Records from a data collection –
========================
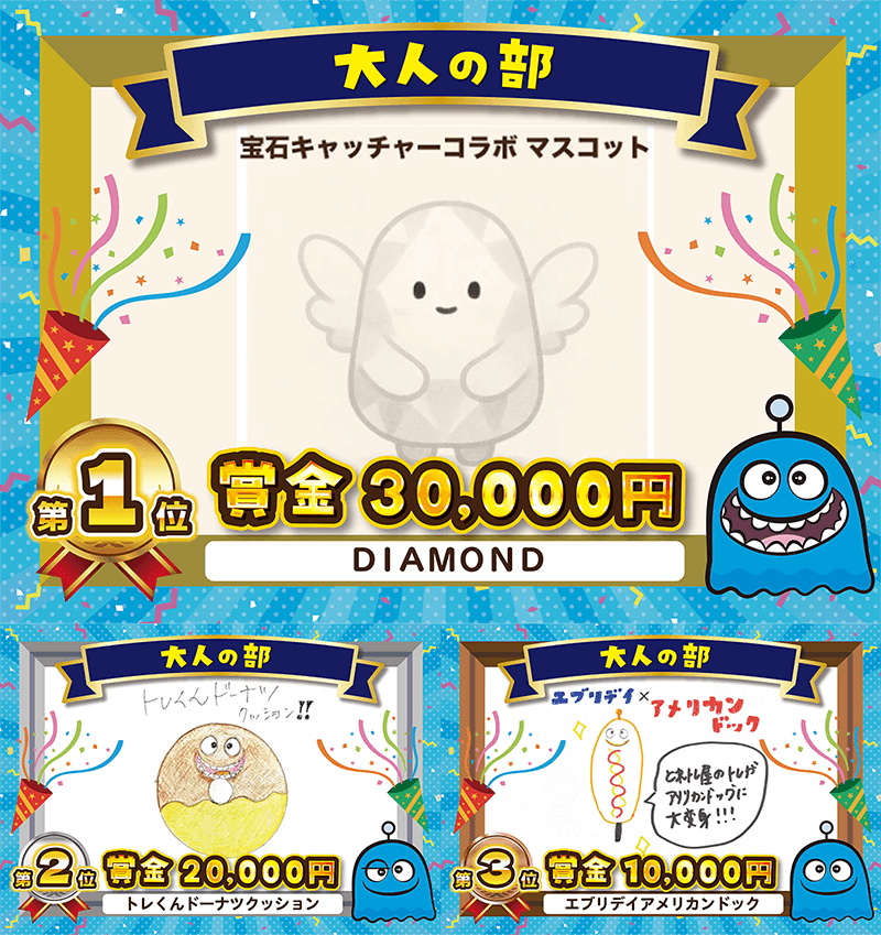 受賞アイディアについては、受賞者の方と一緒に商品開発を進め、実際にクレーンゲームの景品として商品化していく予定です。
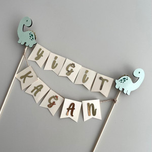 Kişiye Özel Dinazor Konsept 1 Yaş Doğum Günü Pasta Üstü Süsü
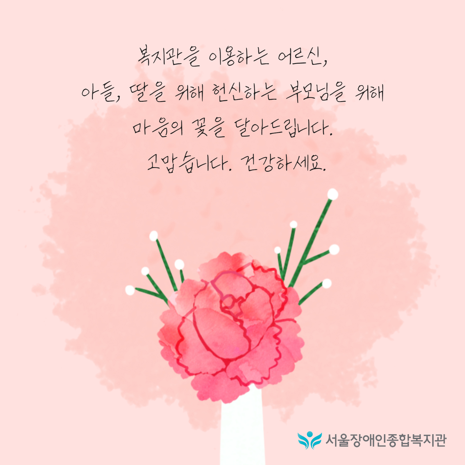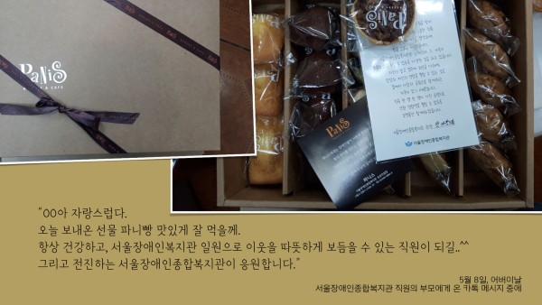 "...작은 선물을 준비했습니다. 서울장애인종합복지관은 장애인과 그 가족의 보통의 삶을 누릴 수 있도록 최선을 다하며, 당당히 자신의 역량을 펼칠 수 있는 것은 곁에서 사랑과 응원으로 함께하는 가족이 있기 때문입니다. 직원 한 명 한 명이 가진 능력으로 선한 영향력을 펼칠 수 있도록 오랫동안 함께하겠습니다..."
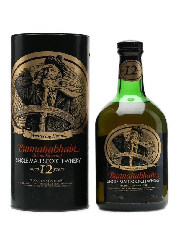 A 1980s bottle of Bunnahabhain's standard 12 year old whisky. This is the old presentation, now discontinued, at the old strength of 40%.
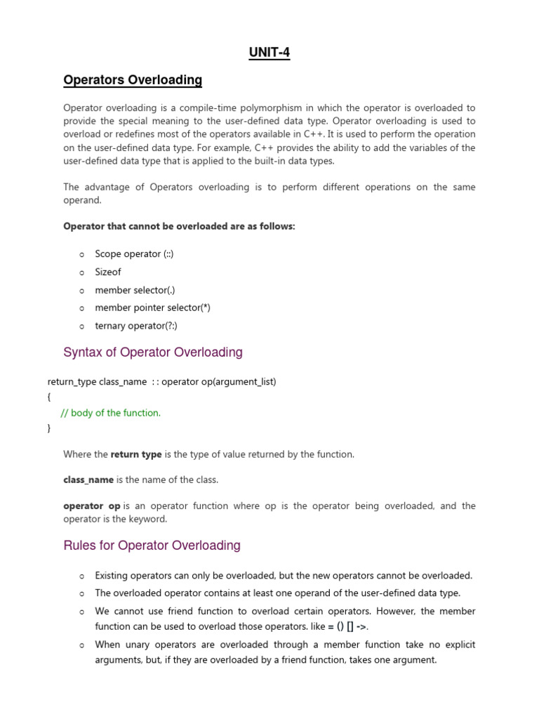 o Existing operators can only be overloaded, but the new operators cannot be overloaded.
========================
PROBLEM DETAILS – Please transcribe exactly the lines from the one that contains "선물을 준비했습니다. 서울장애인종합복지관은" through the closing line of the entries, with no pictures.

EXPECTED ANSWER –
 "...작은 선물을 준비했습니다. 서울장애인종합복지관은 장애인과 그 가족의 보통의 삶을 누릴 수 있도록 최선을 다하며, 당당히 자신의 역량을 펼칠 수 있는 것은 곁에서 사랑과 응원으로 함께하는 가족이 있기 때문입니다. 직원 한 명 한 명이 가진 능력으로 선한 영향력을 펼칠 수 있도록 오랫동안 함께하겠습니다..."
 A 1980s bottle of Bunnahabhain's standard 12 year old whisky. This is the old presentation, now discontinued, at the old strength of 40%.
 o Existing operators can only be overloaded, but the new operators cannot be overloaded.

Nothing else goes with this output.